Renewable Energy Calculator
Convert renewable capacity to annual kWh, homes powered, and avoided CO₂ using EIA capacity factors.
Written by Golam Rabbani, Founder & Lead Engineer
How to use this renewable energy calculator
- Pick a renewable source (solar PV, onshore wind, offshore wind, hydro, or geothermal).
- Enter the installed nameplate capacity in kW.
- Optional: override the capacity factor (defaults from US EIA AEO 2023).
- Optional: override the average household kWh (default 10,500 from US EIA RECS 2022).
- Optional: override the grid emission factor (default 0.386 kg CO₂/kWh from US EPA eGRID 2022).
- Press Calculate to see annual kWh produced, homes powered, and CO₂ avoided.
About this renewable energy calculator
The renewable energy calculator converts an installed renewable capacity into annual energy production using the universal formula: annual kWh = capacity (kW) × 8,760 hours/year × capacity factor. Capacity factor is the fraction of nameplate output a source actually delivers over a year, accounting for nighttime, weather, and maintenance. The result is then divided by average household consumption to get "homes powered" and multiplied by the grid emission factor to get CO₂ avoided.
Example: a 10 kW residential solar PV system at the US EIA average capacity factor of 24.5%. Annual kWh = 10 × 8,760 × 0.245 = 21,462 kWh/year. At 10,500 kWh per US household, that powers ~2.0 homes. At the eGRID 2022 grid average of 0.386 kg CO₂/kWh, CO₂ avoided = 21,462 × 0.386 = 8,284 kg ≈ 8.28 tonnes/year.

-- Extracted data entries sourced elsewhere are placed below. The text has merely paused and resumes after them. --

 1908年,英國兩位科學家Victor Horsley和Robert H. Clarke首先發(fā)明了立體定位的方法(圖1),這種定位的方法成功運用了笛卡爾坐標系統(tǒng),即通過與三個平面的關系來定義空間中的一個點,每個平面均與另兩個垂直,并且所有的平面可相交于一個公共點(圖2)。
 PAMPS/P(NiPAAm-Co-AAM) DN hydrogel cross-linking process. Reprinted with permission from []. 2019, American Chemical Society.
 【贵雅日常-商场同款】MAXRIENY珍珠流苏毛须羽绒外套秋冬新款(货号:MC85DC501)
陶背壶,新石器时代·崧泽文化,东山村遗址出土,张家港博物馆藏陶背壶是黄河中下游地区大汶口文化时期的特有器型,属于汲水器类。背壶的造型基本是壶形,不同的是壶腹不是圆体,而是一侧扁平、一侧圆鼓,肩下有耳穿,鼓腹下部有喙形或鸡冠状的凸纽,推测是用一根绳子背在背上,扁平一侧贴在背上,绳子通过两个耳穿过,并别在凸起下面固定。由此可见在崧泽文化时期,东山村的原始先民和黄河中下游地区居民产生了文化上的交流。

Capacity factors are EIA-published 2023 US averages: solar PV 24.5%, onshore wind 34.5%, offshore wind 45%, hydro 40%, geothermal 72%. Your local figure varies — desert solar can hit 30%, coastal wind 50%, run-of-river hydro just 30%. Use the override field for site-specific or non-US data.
FAQ
- What is capacity factor?
- Capacity factor = actual energy produced ÷ theoretical maximum if the plant ran at nameplate 24/7. A 100 MW solar farm at 25% capacity factor produces 100 × 8,760 × 0.25 = 219,000 MWh per year.

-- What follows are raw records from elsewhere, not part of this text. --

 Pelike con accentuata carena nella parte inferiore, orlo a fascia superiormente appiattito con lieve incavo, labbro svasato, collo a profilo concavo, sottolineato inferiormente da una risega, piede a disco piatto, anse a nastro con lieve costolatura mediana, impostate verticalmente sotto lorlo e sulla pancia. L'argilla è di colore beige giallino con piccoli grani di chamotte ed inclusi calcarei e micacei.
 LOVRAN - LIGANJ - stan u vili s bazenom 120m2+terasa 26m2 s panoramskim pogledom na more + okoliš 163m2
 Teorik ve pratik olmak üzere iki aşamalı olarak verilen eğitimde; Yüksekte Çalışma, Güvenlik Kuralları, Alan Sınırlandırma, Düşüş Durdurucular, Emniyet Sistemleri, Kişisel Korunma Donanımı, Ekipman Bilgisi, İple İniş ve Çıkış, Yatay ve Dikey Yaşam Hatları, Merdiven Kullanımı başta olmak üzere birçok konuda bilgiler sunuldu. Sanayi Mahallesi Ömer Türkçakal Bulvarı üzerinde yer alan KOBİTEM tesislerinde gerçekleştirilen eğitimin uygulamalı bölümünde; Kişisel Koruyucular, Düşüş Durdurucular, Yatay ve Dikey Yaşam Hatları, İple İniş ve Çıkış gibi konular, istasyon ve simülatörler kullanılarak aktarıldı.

- Why is offshore wind capacity factor higher than onshore?
- Ocean winds are stronger and steadier than land winds. Modern offshore turbines hit 45–55% capacity factor; onshore averages 35%.
- Why is geothermal capacity factor so high (72%)?
- Geothermal is a baseload resource — heat from the earth is constant, so plants run nearly 24/7 minus maintenance. It's one of the most consistent renewables.
- How is "homes powered" calculated?
- It divides annual kWh by an average household's annual consumption. US EIA RECS 2022 puts the US average at 10,500 kWh — but a single-person apartment uses ~3,000 kWh; an all-electric home with EV charging uses 15,000+.
- Where does the CO₂ factor come from?
- US EPA eGRID 2022 reports the national average emissions intensity of grid electricity at 0.386 kg CO₂e/kWh. Local grids vary — California is ~0.20; West Virginia is ~0.75. Override the factor with your local utility's number for accurate results.